Going through this now, I’ve moved into a manager position for the first time and I just can’t shake the thought that they are regretting taking me on, that I just fluked the interview. Doesn’t help that the woman handing over to me makes me feel utterly useless most days. She really makes me doubt myself

yellowsuninthesky · 30/03/2022 17:48

@Boxowine

Riddled with it. But then, I have issues with executive functioning skills and poor attention span. There are some parts of my job at which I excel and some parts that I am not very good at. I just try to keep up with it and not invest my sense identity of identity on how things are going at work.
Similar for me. I don't have imposter syndrome as such because I know I am crap at certain aspects of my job. But I know that I am good at others and just hope that those others outweigh the worse aspects.

People should always play to their strengths in jobs, within reason. But employers spend five minutes in appraisals talking about the good things you do and 55 minutes talking about how you can improve. It is completely back to front.

yellowsuninthesky · 30/03/2022 17:50

People just don't care whether you're a superstar at your job. They just want a warm body to take on some of the load. None of it matters

In my field people are very demanding and if you are not perfect you get the sack. Either on performance or you find yourself on the list to go when there's a reorganisation.

At the moment I do feel like I am working somewhere where my strengths are valued more than my weaknesses are noticed, but it's only been two years and I think there's plenty of time for that to change.

AffIt · 30/03/2022 18:06

I got over my imposter system by becoming very good at management / delegation.
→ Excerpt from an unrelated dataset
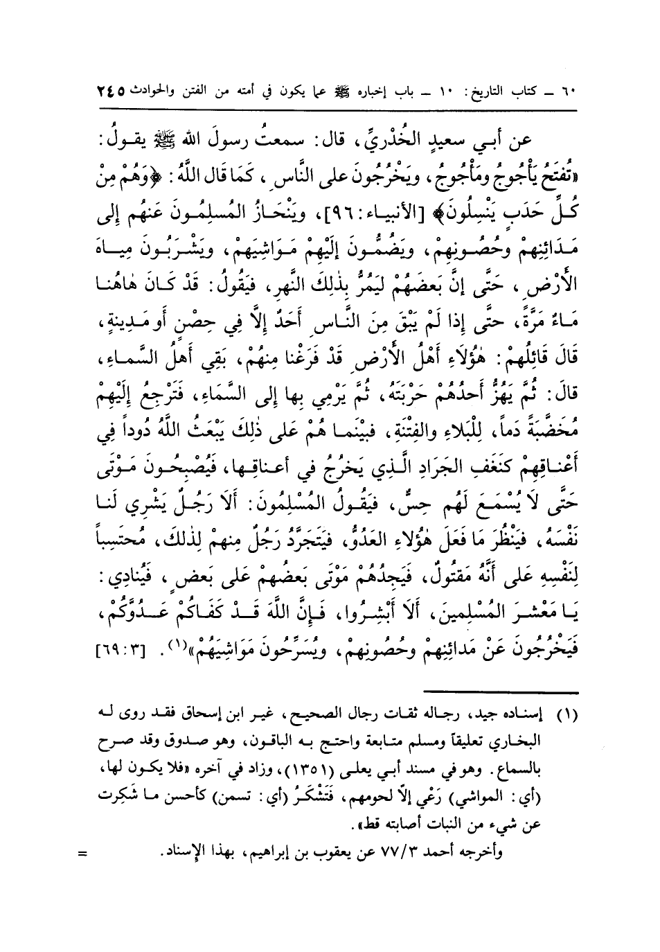 عَنْ أَبِي سَعِيدٍ الْخُدْرِيِّ، قَالَ: سَمِعْتُ رَسُولَ اللَّهِ صَلَّى اللَّهُ عَلَيْهِ وَسَلَّمَ يَقُولُ: "تُفْتَحُ يَأْجُوجُ وَمَأْجُوجُ، وَيَخْرُجُونَ عَلَى النَّاسِ" كَمَا قَالَ اللَّهُ: {وَهُمْ مِنْ كُلِّ حَدَبٍ يَنْسِلُونَ} [الأنبياء:96] وَيَنْحَازُ الْمُسْلِمُونَ عَنْهُمْ إِلَى مَدَائِنِهِمْ وَحُصُونِهِمْ، وَيَضُمُّونَ إِلَيْهِمْ مَوَاشِيَهُمْ، وَيَشْرَبُونَ مِيَاهَ الْأَرْضِ، حَتَّى إِنَّ بَعْضَهُمْ لَيَمُرُّ بِذَلِكَ النَّهْرِ، فَيَقُولُ: قَدْ كَانَ هَاهُنَا مَاءٌ مَرَّةً، حَتَّى إِذَا لَمْ يَبْقَ مِنَ النَّاسِ أَحَدٌ إِلَّا فِي حِصْنٍ أَوْ مَدِينَةٍ، قَالَ قَائِلُهُمْ: هَؤُلَاءِ أَهْلُ الْأَرْضِ قَدْ فَرَغْنَا مِنْهُمْ، بَقِيَ أَهْلُ السَّمَاءِ، قَالَ: ثُمَّ يَهُزُّ أَحَدُهُمْ حَرْبَتَهُ، ثُمَّ يَرْمِي بِهَا إِلَى السَّمَاءِ، فَتَرْجِعُ إِلَيْهِمْ مُخَضَّبَةً دَمًا، لِلْبَلَاءِ وَالْفِتْنَةِ، فَبَيْنَمَا هُمْ عَلَى ذَلِكَ يَبْعَثُ اللَّهُ دُودًا فِي أَعْنَاقِهِمْ كَنَغَفِ الْجَرَادِ الَّذِي يَخْرُجُ فِي أعناقها، فَيُصْبِحُونَ مَوْتَى حَتَّى لَا يُسْمَعَ لَهُمْ حِسٌّ، فَيَقُولُ الْمُسْلِمُونَ: أَلَا رَجُلٌ يَشْرِي لَنَا نَفْسَهُ، فَيَنْظُرُ مَا فَعَلَ هَؤُلَاءِ الْعَدُوُّ، فَيَتَجَرَّدُ رَجُلٌ منهم لذلك، محتسبا لنفسه على أن مَقْتُولٌ، فَيَجِدُهُمْ مَوْتَى بَعْضُهُمْ عَلَى بَعْضٍ، فَيُنَادِي يَا مَعْشَرَ الْمُسْلِمِينَ، أَلَا أَبْشِرُوا، فَإِنَّ اللَّهَ قَدْ كَفَاكُمْ عَدُوَّكُمْ، فَيَخْرُجُونَ عَنْ مَدَائِنِهِمْ وَحُصُونِهِمْ، ويسرحون مواشيهم" " 1". [3: 69]

I know I'm good at my job, but I have hired a lot of very good people to fill in the gaps. Wink

Ontobetterthings · 30/03/2022 18:17

I had a close family member say to me recently that they thought I had imposter syndrome. I didn't realise until I read up on it. I was recently promoted to a Management position and that came with a really high salary. I just couldn't believe it and my family reminded me I have been working hard towards this for years. I just never thought I would get into this position I guess. I have been reading online how to combat this. Deep down i know im very good at my job.

pitterpatterrain · 30/03/2022 18:26

I used to (more than now) then read a HBR article which helped me re-think it a bit plus realising that I don’t need to be 100% perfect at everything - jobs aren’t like exams

hbr.org/2021/02/stop-telling-women-they-have-imposter-syndrome

Noodledoodledoo · 30/03/2022 19:57

Until the last 6-12 months I have always felt like this. I am a teacher, online teaching has been horrendous - knowing that parents are all watching my lessons, listening in, parents emailing nightly to point out some minor issue ie that I had to correct myself in a video I had made etc etc. Parents evenings I dread - the hour before I drown in a pool of someone is going to find me out fear!

However in the last 12 months - I have worked really hard on tuning into the positive comments I get and not the odd negative one. I have listened really hard and realised I am actually pretty bloody good at what I do, I have accepted I don't know everything even after a decade in the job but I am not afraid to ask now and don't feel embarrassed about doing so! It has really helped.